Bash one-liner to produce a list of HEX color codes that read like English words

kragen · on Oct 1, 2022

I tried this a few years ago; http://canonical.org/~kragen/sw/dev3/colors.html has them as foreground colors and http://canonical.org/~kragen/sw/dev3/colors.2.html has them as background colors. I tested 3-letter words as well as 6-letter words, and used 1 as "l" as well as "I", but I didn't try aghasemi's very productive suggestion of using 5 as S. I don't remember if it it didn't occur to me or if I tried it and didn't like the results.

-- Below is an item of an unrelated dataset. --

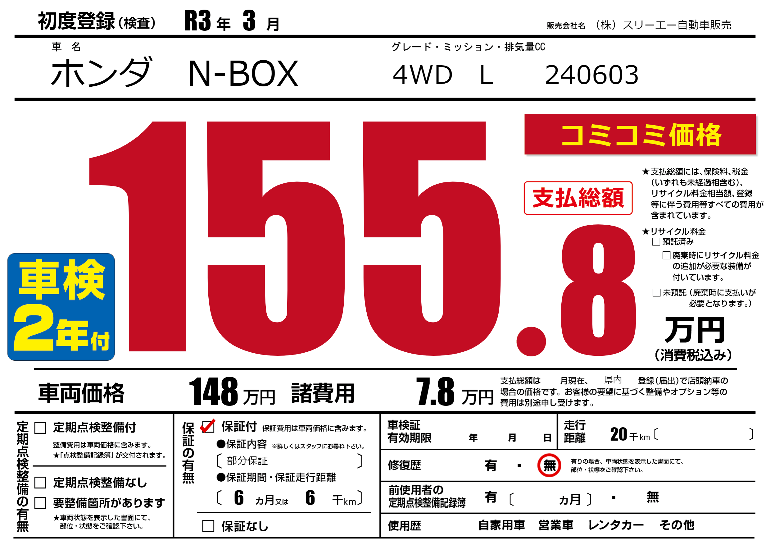 | 車名 | ホンダ N-BOX | グレード ミッション 排気量 |

Some of them are pretty #bad (#011 doesn't really look much like "oil") and some, though they read quite well, correspond to awful colors; you might even say, #faeca1 colors. Still, I've made my #bed, #0dd as it may be; now I must #11e in it. I think I've #fed you enough #babb1e for today.

js2 · on Oct 1, 2022

The gist is rather a pipeline of Unix commands with no bash necessarily involved. Here it is in shellcheck-compliant 100% bash:

    #!/usr/bin/env bash
    shopt -s nocasematch
    while read -r word; do
        if [[ $word =~ ^[abcdefoi]{6,6}$ ]]; then
            word=${word//o/0}
            word=${word//i/1}
            word=${word^^}
            printf '#%s\n' "$word"
        fi
    done < /usr/share/dict/words

This could be collapsed to one line with semicolons. On the macOS 12.6 dictionary I get 59 words.

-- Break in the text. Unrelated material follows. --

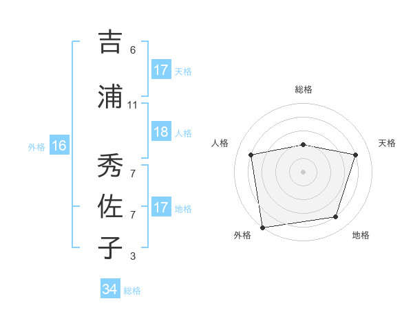 吉浦 秀佐子さんの総格は34画の2点

Edit: and in sed which someone just asked me for elsewhere:

    sed -n -e '
    /^[abcdefoi]\{6,6\}$/I {
    s/o/0/g;
    s/i/1/g;
    s/^/#/;
    y/abcdef/ABCDEF/;
    p;}' < /usr/share/dict/words

kps · on Oct 2, 2022

     sed -n -e 'y/abcdefOoIi/ABCDEF0011/' -e 's/^[A-F01]\{6\}$/#&/p' /usr/share/dict/words

js2 · on Oct 2, 2022

I’d golf with you but I think you got a hole in one there. I didn’t spend any time thinking about how to make the sed more compact. I sorta just translated what I’d already written in bash.

version_five · on Oct 1, 2022

Thanks for this. I'd probably call the original the GNU coreutils version. The linked github also has a sed-only version in the comments. It's instructive to see the different versions.

kps · on Oct 2, 2022

> I'd probably call the original the GNU coreutils version.

Why? The only GNUish bit is the grep -P option, which is unnecessary (-E will do as well).

version_five · on Oct 2, 2022

I would have considered tr to be part of gnu coreutils, awk, not necessarily but the default on a mac is gawk I believe

kragen · on Oct 2, 2022

tr predates GNU by about a decade.

js2 · on Oct 2, 2022

I just added a sed version as well. I'll have to click through and see how closely it resembles what's in the gist.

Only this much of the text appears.